→ **Collected data**:

▽

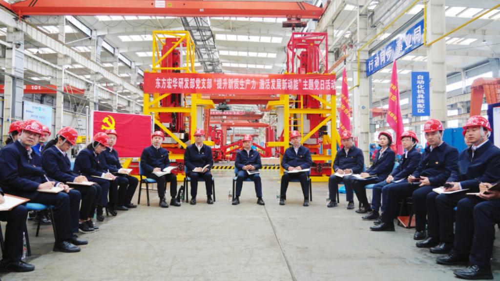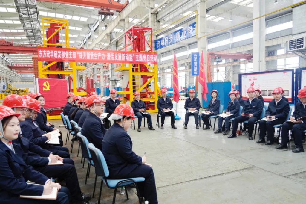 本网讯 4月9日,人生就是搏集团党组书记、董事长俞培根参加联系基层党支部——东方宏华研发部党支部“提升新质生产力,激活发展新动能”主题党日活动。研发部党支部党员代表、青年代表和党外人士代表参加活动。活动采取沉浸式与互动式相结合的方式,在东方宏华零部件车间现场开展。
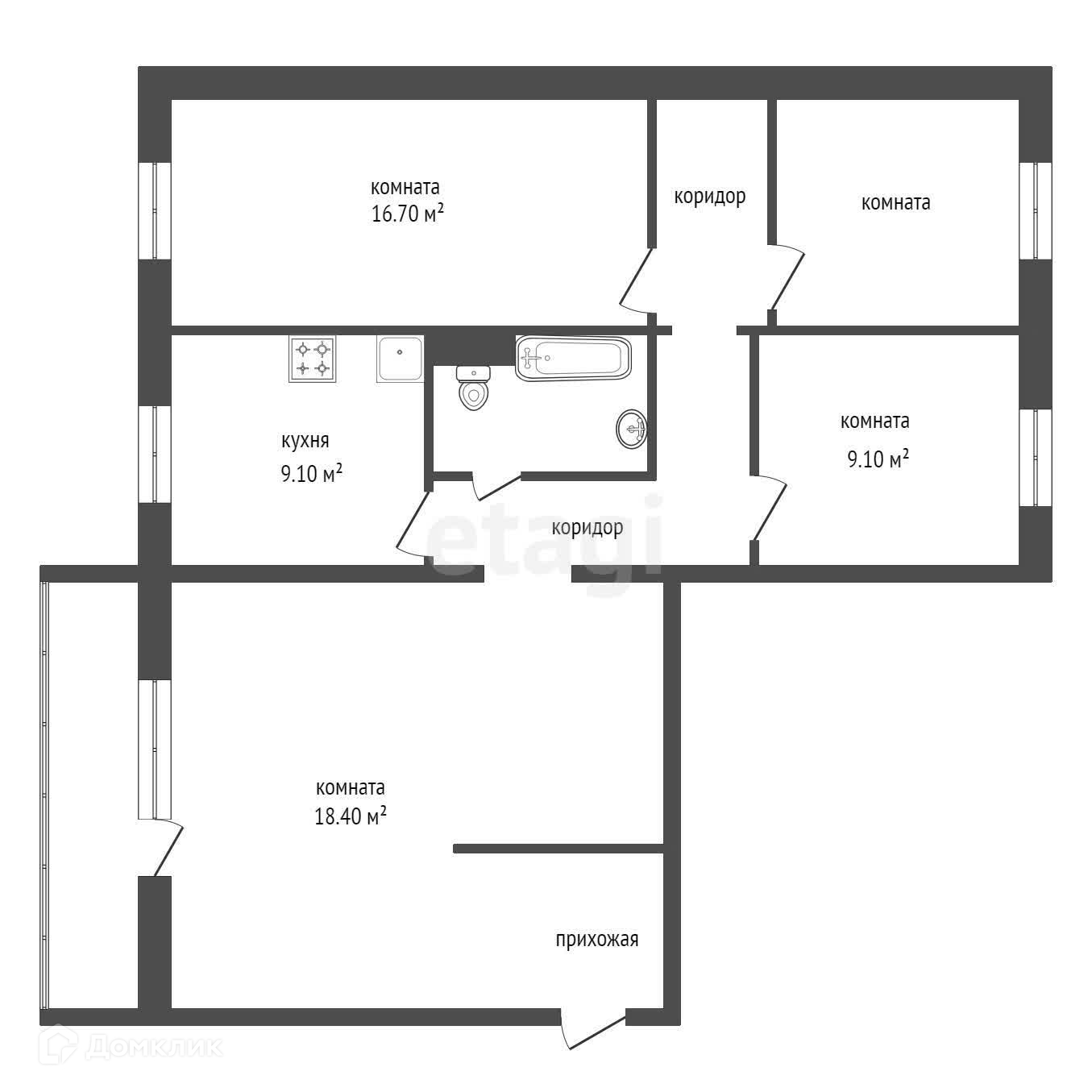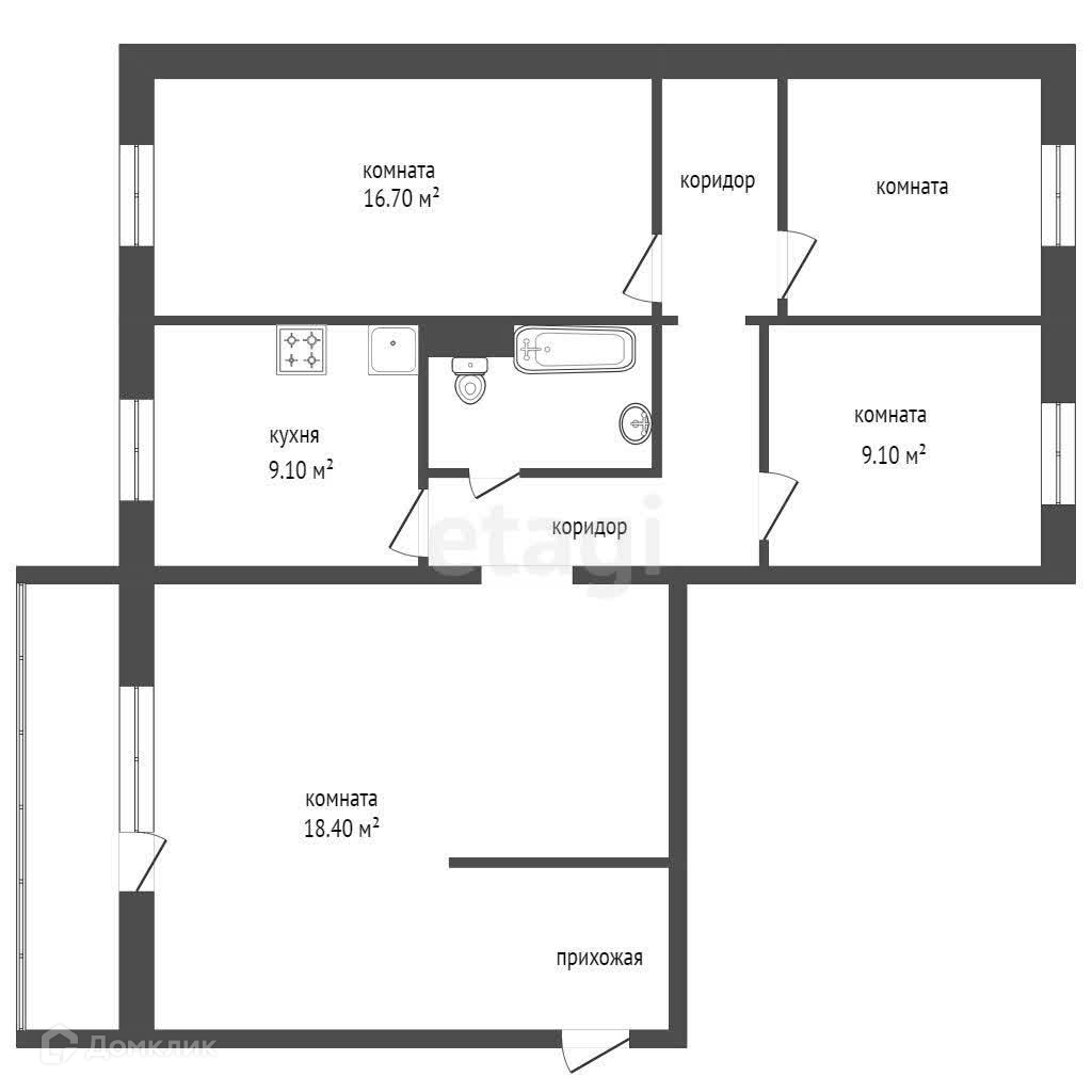 4-комнатная квартира, 83.2 м2, этаж 5 / 10, на продажу в Красноярске, улица Менжинского, 24
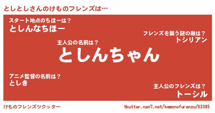 | 2回繰り返すあだ名 | 『としとし』『とぼとぼ』『ととしし』 |
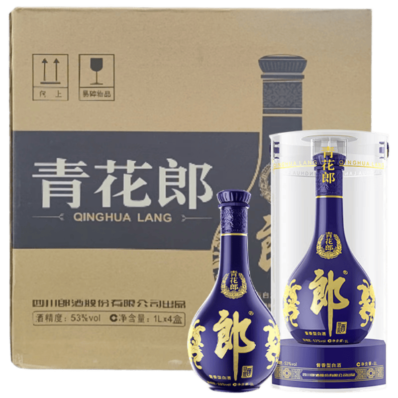 最后,我们来看看郎酒青花郎的另一款高端礼赠装。这款1000ml*4瓶装的设计,很适合在节庆时作为礼物赠送。53度的酒精度让这款酒的香气更加浓烈,适合在正式场合中享用。

△

→ **What to work on**: All of the data, minus its pictures, should be repeated exactly.

→ **Solution**:
 本网讯 4月9日,人生就是搏集团党组书记、董事长俞培根参加联系基层党支部——东方宏华研发部党支部“提升新质生产力,激活发展新动能”主题党日活动。研发部党支部党员代表、青年代表和党外人士代表参加活动。活动采取沉浸式与互动式相结合的方式,在东方宏华零部件车间现场开展。
 4-комнатная квартира, 83.2 м2, этаж 5 / 10, на продажу в Красноярске, улица Менжинского, 24
 | 2回繰り返すあだ名 | 『としとし』『とぼとぼ』『ととしし』 |
 最后,我们来看看郎酒青花郎的另一款高端礼赠装。这款1000ml*4瓶装的设计,很适合在节庆时作为礼物赠送。53度的酒精度让这款酒的香气更加浓烈,适合在正式场合中享用。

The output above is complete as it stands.